3. Allerdings hat das Landgericht in Ziffern I und III seines Beschlusses Entscheidungen zu Gegenständen getroffen, die ihm nicht angefallen sind. Dem Landgericht lag eine Geschäftswertbeschwerde vor (§ 31 Abs. 3 KostO), nicht aber eine Beschwerde gegen den Kostenansatz des Amtsgerichts (§ 14 Abs. 3 Satz 1 KostO), der im Übrigen einen Vorschuss zum Gegenstand hatte (§ 8 Abs. 3 Satz 1 KostO; Korintenberg/Lappe § 8 Rn. 31).

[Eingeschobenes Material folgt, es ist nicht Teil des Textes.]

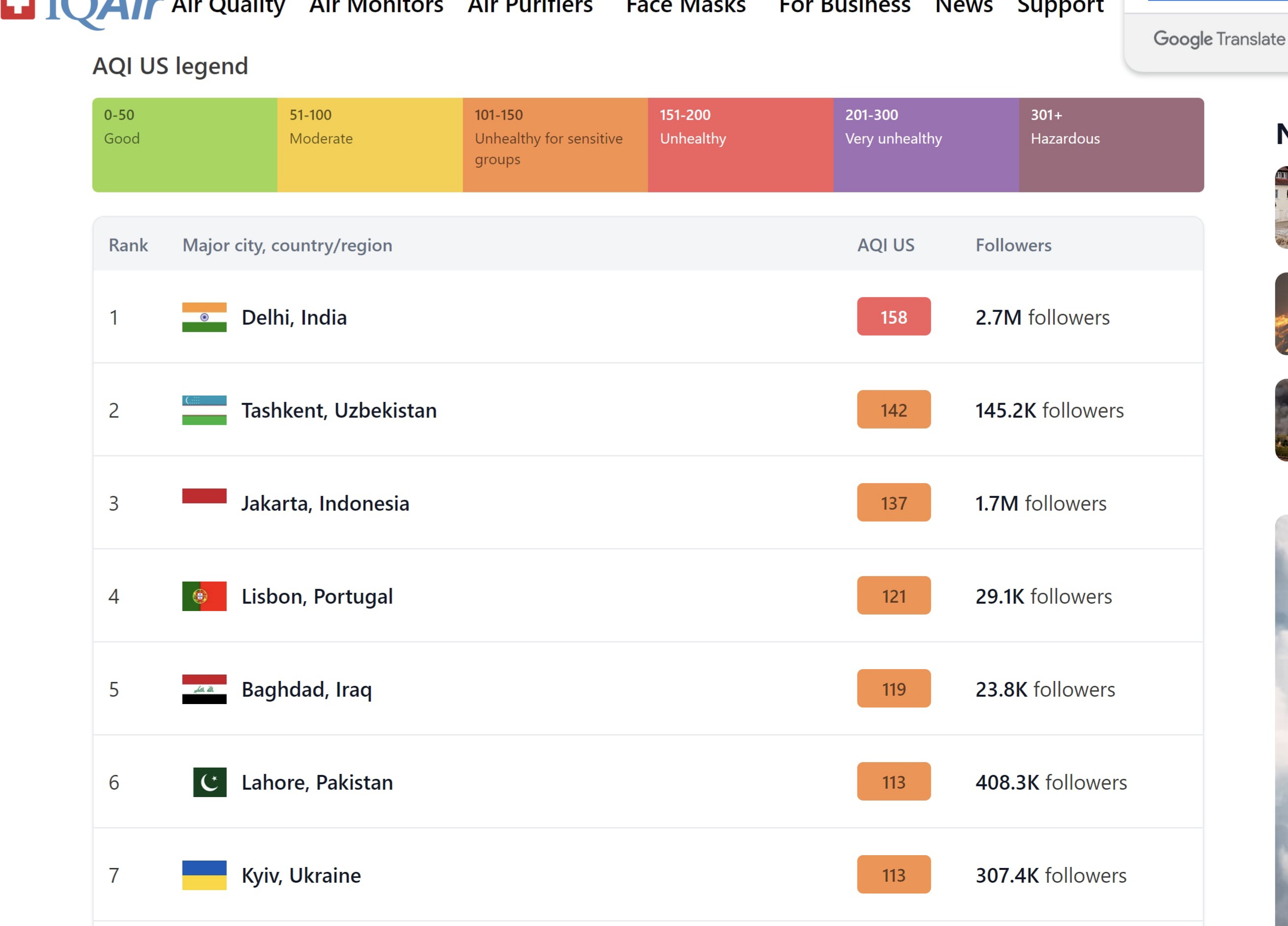 За інформацією швейцарського сервісу IQ Air, українська столиця входить до десятки найзабрудненіших міст світу та станом на 10:30 22 вересня розташовується на сьомому місці з індексом 113 AQI.
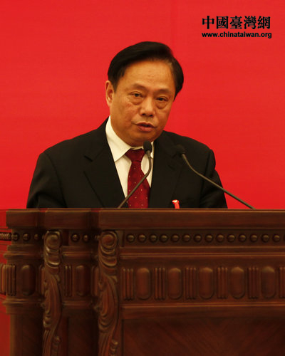 中華全國臺灣同胞聯(lián)誼會會長梁國揚代表全國臺聯(lián)第八屆理事會作工作報告。(中國臺灣網(wǎng) 郭瑩瑩 攝)
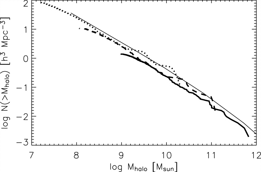 Cumulative halo mass function at ﹩z=3﹩ for dark matter only, for runs C1 (thick solid line), B1 (thick dashed line), and A1 (thick dotted line). The thin solid line is the analytical mass function from Mo & White (2002).
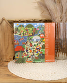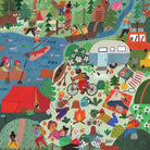 A mountain themed puzzle with bright colors & cute elements! In this busy mountain scene you will find hikers, people around a fire, campers, fishers, wildlife, and more! You will love this mountain puzzle. 1000 piece puzzle Finished puzzle dimensions - 20" x 27" Box dimensions - 9" x 9" x 2" Includes 8x10 colored poster of puzzle
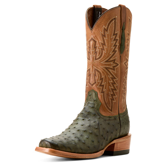 ARIAT OLIVE FULL QUILL OSTRICH FURTURITY RELENTLESS BUCKLES COWBOY BOOT
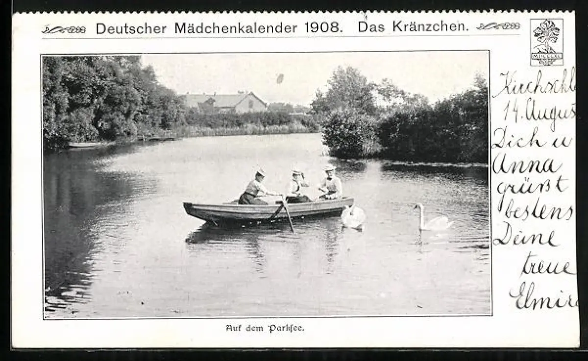 AK Auf dem Parksee, Deutscher Mädchenkalender 1908

Dies ergibt sich aus der Fassung des Beschwerdeschriftsatzes vom 12.6.2002, gerichtet gegen den Beschluss des Amtsgerichts vom 12.3.2002 (vgl. auch Korintenberg/Lappe aaO Rn. 25 und 26); bei dieser Entscheidung des Amtsgerichts handelt es sich um die Festsetzung des Geschäftswerts. Das Landgericht durfte daher keine Entscheidung hinsichtlich des Kostenansatzes treffen. Die Ziffern I und III des Beschlusstenors sind daher aufzuheben.

Schließlich hat sich das Landgericht bei der Aufstellung der Kaufpreise bei einem Objekt geirrt, sodass es eine (geringfügig) unrichtige Summe der Kaufpreise ermittelte. Insoweit war Ziffer II des landgerichtlichen Beschlusstenors richtig zu stellen.